• _TASK INSTRUCTIONS_: Could you retype exactly the lines below between the one holding "د امریکا د جنگ" and the one holding "(47679) - Columbiforme, filhote, caiu", inclusive, leaving out any pictures?

───── EXERCISE INPUTS ─────

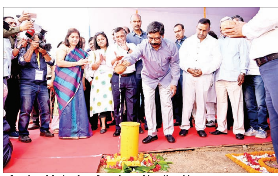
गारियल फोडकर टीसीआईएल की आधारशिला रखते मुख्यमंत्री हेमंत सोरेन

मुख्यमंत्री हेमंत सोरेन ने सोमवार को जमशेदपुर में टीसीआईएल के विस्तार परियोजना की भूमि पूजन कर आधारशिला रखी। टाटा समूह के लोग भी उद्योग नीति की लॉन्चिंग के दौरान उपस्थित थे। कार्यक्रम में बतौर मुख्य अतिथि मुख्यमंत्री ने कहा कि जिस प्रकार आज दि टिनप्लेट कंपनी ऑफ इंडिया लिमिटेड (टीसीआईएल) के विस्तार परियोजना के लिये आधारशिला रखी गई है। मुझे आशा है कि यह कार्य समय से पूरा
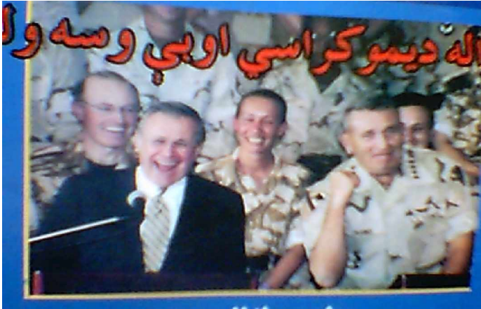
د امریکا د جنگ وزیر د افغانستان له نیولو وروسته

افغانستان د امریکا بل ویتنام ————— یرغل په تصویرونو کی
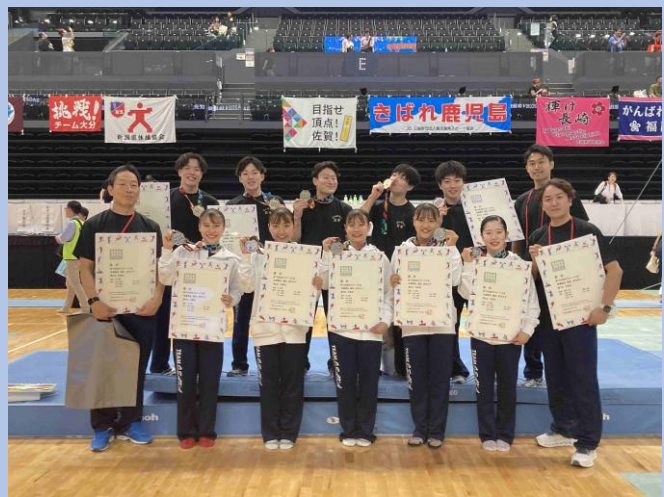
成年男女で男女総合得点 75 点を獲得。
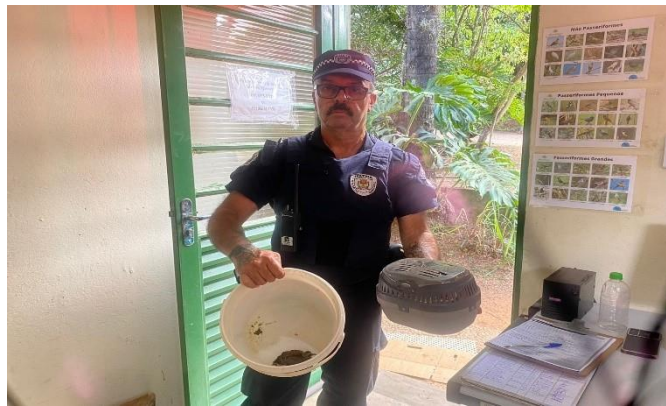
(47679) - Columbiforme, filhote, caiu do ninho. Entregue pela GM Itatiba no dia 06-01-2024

─────
───── EXERCISE INPUTS ─────

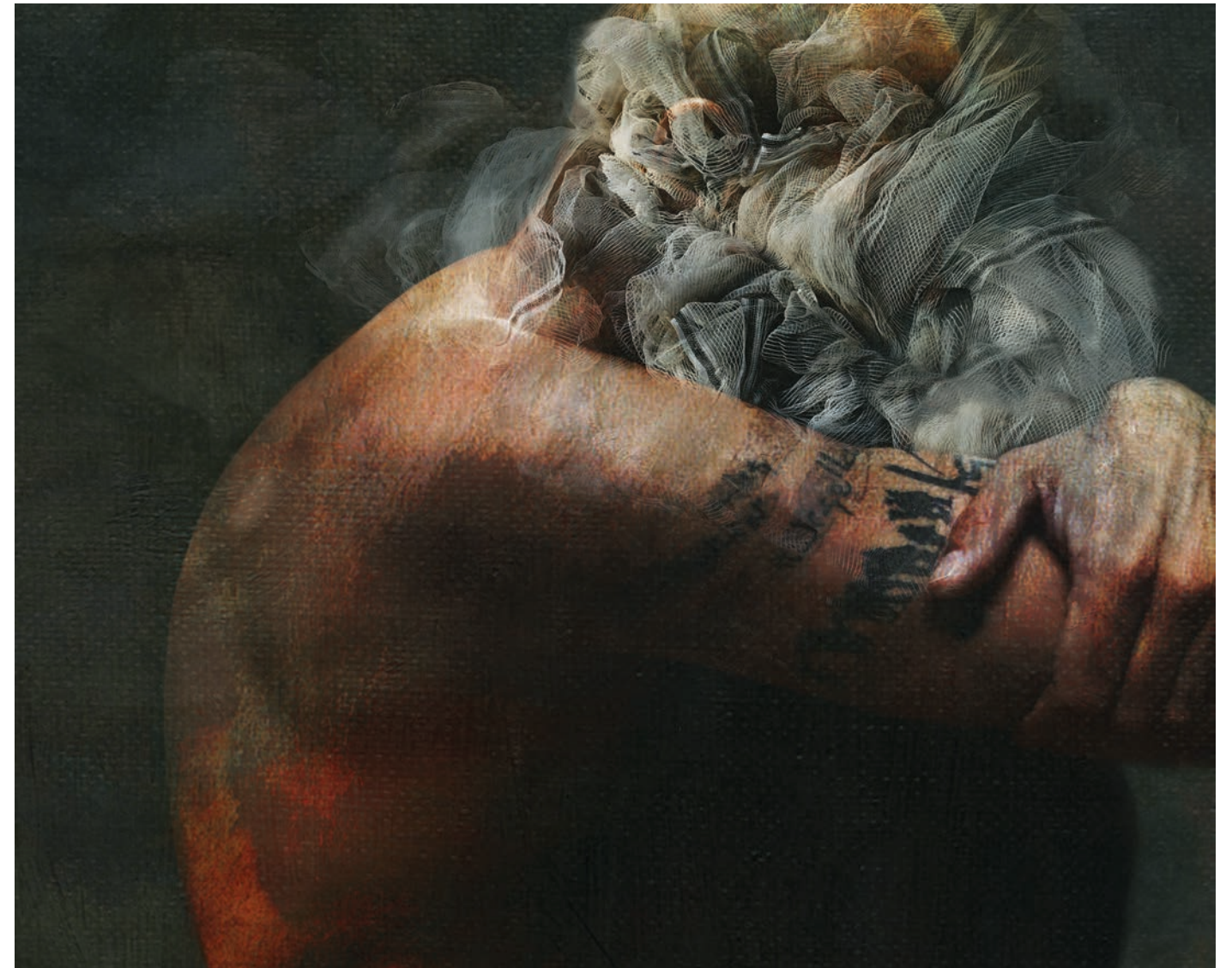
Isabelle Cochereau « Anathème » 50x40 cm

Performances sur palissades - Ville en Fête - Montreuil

─────

• _YOUR RESPONSE_:
د امریکا د جنگ وزیر د افغانستان له نیولو وروسته

افغانستان د امریکا بل ویتنام ————— یرغل په تصویرونو کی
成年男女で男女総合得点 75 点を獲得。
(47679) - Columbiforme, filhote, caiu do ninho. Entregue pela GM Itatiba no dia 06-01-2024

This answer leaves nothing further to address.